Today we learned that George Stephanopoulos — former Clinton aide and current host of “This Week and co-host of “Good Morning America” on ABC — gave a $50,000 contribution to the Clinton Foundation, which he failed to mention when he was doing interviews about the foundation and discussing it on the air.

This isn’t an enormous journalistic scandal. But the reaction to it shows just how successful Clinton opponents, with the enthusiastic cooperation of the news media, have been at taking a charitable foundation that has spent hundreds of millions of dollars on worthy causes and turning it into something that is widely assumed to be shady and suspect by its very nature.

And now, Stephanopoulos has helped reinforce the right’s belief that the media are in the tank for Hillary Clinton, something that could barely be further from the truth.
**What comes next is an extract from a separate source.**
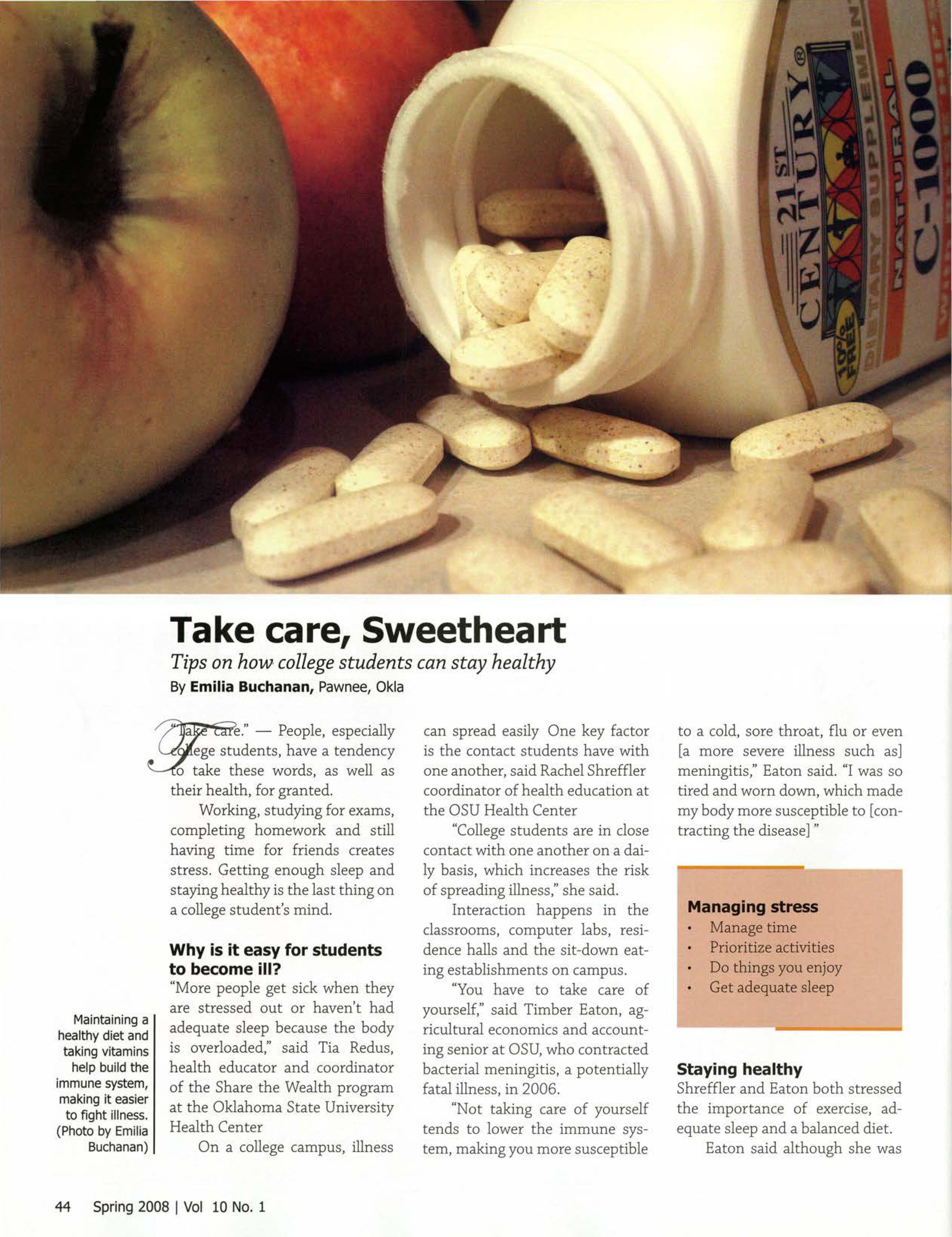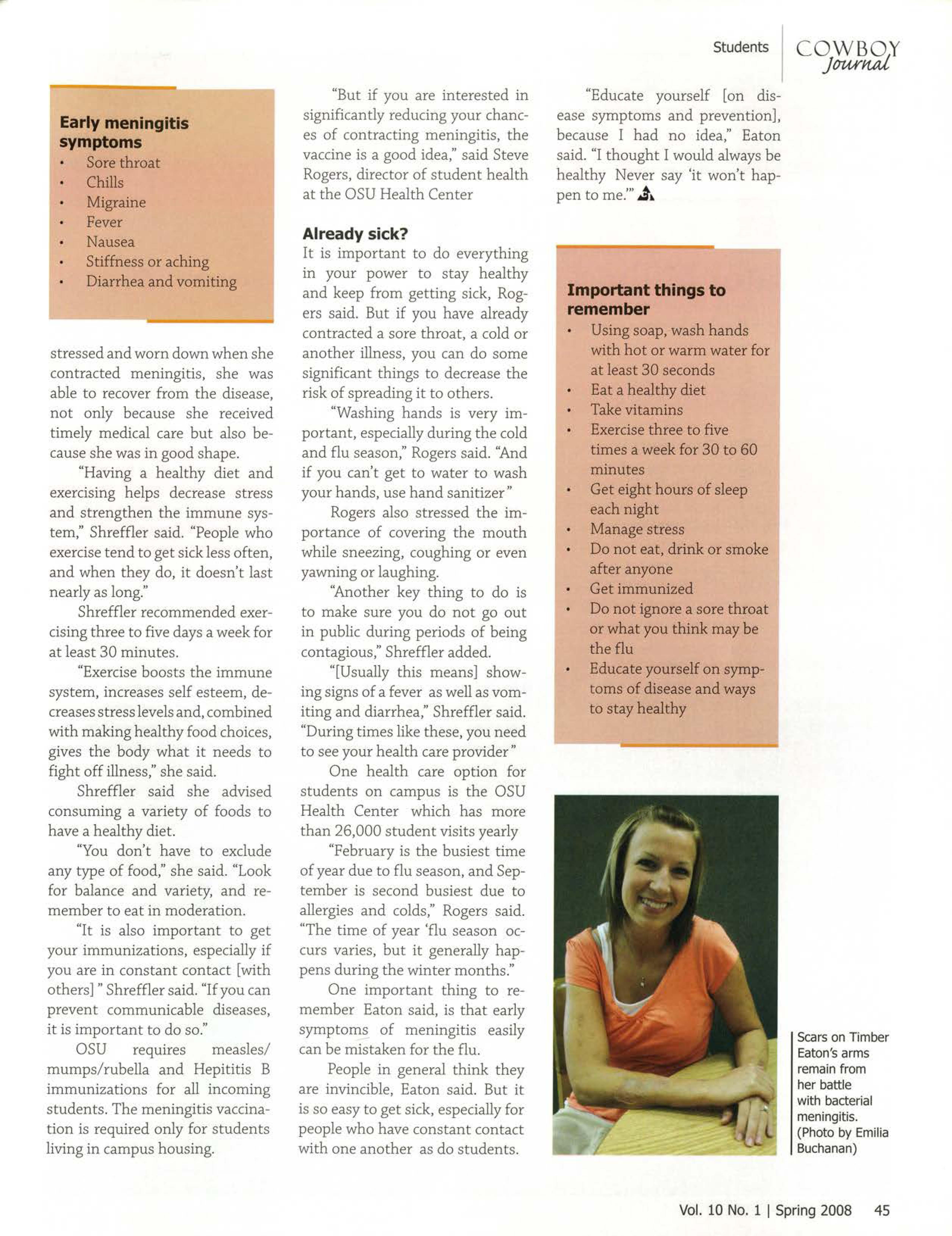 "You have to take care of yourself," said Timber Eaton, agricultural economics and accounting senior at OSU, who contracted bacterial meningitis, a potentially fatal illness, in 2006.

I say that this isn’t a great journalistic scandal for the simple reason that there’s absolutely nothing wrong with a journalist like Stephanopoulos giving money to the Clinton Foundation, just as there wasn’t anything wrong when the News Corporation Foundation (that’s a foundation set up by the parent company of Fox News) gave it a contribution, or when the conservative news outlet Newsmax donated to it, or for that matter when Donald Trump did the same. That’s because it’s a charitable foundation. All those people and many others gave it money to support its work in areas like global health, economic development in poor countries, and climate change.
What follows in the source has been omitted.